Record excerpts =>

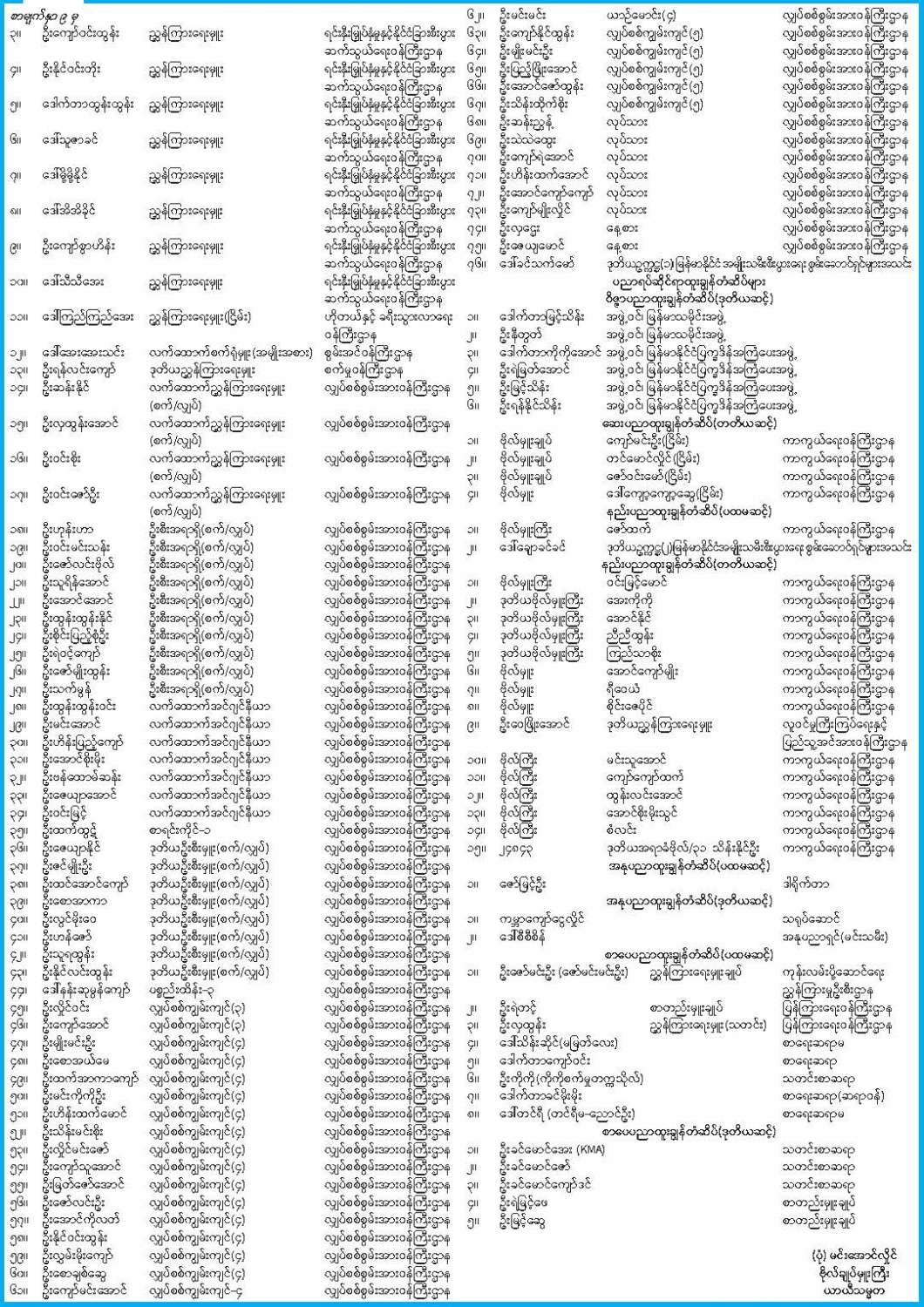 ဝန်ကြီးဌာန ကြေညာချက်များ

* * *

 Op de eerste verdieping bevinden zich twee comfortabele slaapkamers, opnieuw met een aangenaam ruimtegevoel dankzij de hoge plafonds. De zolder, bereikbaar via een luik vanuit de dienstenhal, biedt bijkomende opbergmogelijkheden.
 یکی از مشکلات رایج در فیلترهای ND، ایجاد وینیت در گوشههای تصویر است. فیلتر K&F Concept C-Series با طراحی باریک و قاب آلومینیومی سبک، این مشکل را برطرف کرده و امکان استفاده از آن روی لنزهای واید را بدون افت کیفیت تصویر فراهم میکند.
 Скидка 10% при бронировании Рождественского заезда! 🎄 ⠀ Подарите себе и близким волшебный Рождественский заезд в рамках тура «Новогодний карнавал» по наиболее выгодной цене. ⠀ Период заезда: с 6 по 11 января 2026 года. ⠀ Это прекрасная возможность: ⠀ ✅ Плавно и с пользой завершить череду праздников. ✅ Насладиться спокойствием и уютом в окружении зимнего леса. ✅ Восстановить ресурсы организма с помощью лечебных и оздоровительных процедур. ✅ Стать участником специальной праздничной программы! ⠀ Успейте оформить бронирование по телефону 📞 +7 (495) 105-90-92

* * *

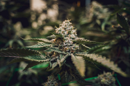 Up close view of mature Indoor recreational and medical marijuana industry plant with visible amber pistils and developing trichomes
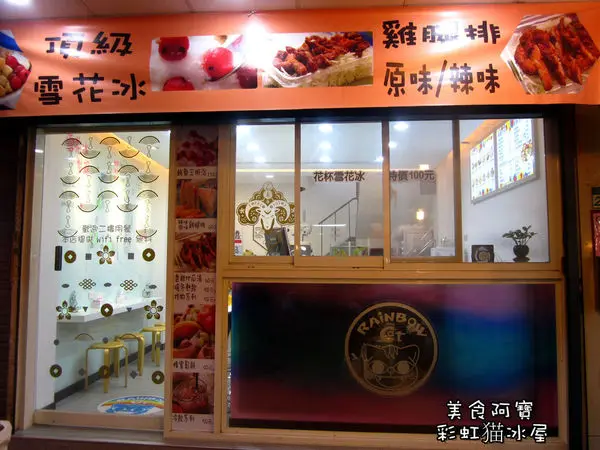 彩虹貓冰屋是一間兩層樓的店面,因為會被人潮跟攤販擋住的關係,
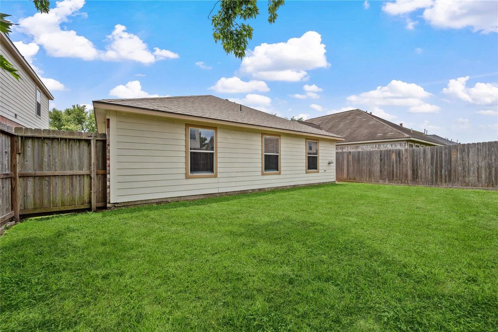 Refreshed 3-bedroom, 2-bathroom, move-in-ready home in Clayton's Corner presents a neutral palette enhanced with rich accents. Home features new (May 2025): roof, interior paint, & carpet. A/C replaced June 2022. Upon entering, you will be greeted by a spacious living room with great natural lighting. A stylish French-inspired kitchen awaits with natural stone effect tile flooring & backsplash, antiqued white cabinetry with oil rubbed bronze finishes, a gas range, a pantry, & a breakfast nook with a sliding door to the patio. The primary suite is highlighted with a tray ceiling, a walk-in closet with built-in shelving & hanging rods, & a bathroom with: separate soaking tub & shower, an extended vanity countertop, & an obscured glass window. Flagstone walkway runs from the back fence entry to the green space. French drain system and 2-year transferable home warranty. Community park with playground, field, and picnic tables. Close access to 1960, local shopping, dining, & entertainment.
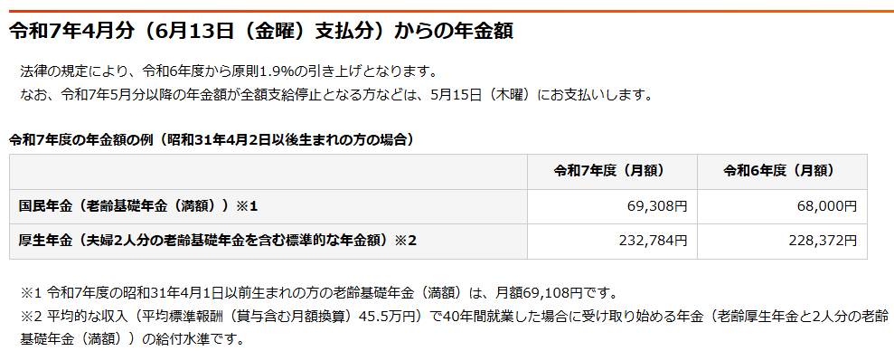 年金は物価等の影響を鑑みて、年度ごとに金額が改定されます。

What needs to be done => Go back to the listing above and write out the lines starting at the one with "Refreshed 3-bedroom, 2-bathroom, move-in-ready" and ending at the one with "年金は物価等の影響を鑑みて、年度ごとに金額が改定されます。", inclusive, exactly and without pictures.

Expected answer =>
 Refreshed 3-bedroom, 2-bathroom, move-in-ready home in Clayton's Corner presents a neutral palette enhanced with rich accents. Home features new (May 2025): roof, interior paint, & carpet. A/C replaced June 2022. Upon entering, you will be greeted by a spacious living room with great natural lighting. A stylish French-inspired kitchen awaits with natural stone effect tile flooring & backsplash, antiqued white cabinetry with oil rubbed bronze finishes, a gas range, a pantry, & a breakfast nook with a sliding door to the patio. The primary suite is highlighted with a tray ceiling, a walk-in closet with built-in shelving & hanging rods, & a bathroom with: separate soaking tub & shower, an extended vanity countertop, & an obscured glass window. Flagstone walkway runs from the back fence entry to the green space. French drain system and 2-year transferable home warranty. Community park with playground, field, and picnic tables. Close access to 1960, local shopping, dining, & entertainment.
 年金は物価等の影響を鑑みて、年度ごとに金額が改定されます。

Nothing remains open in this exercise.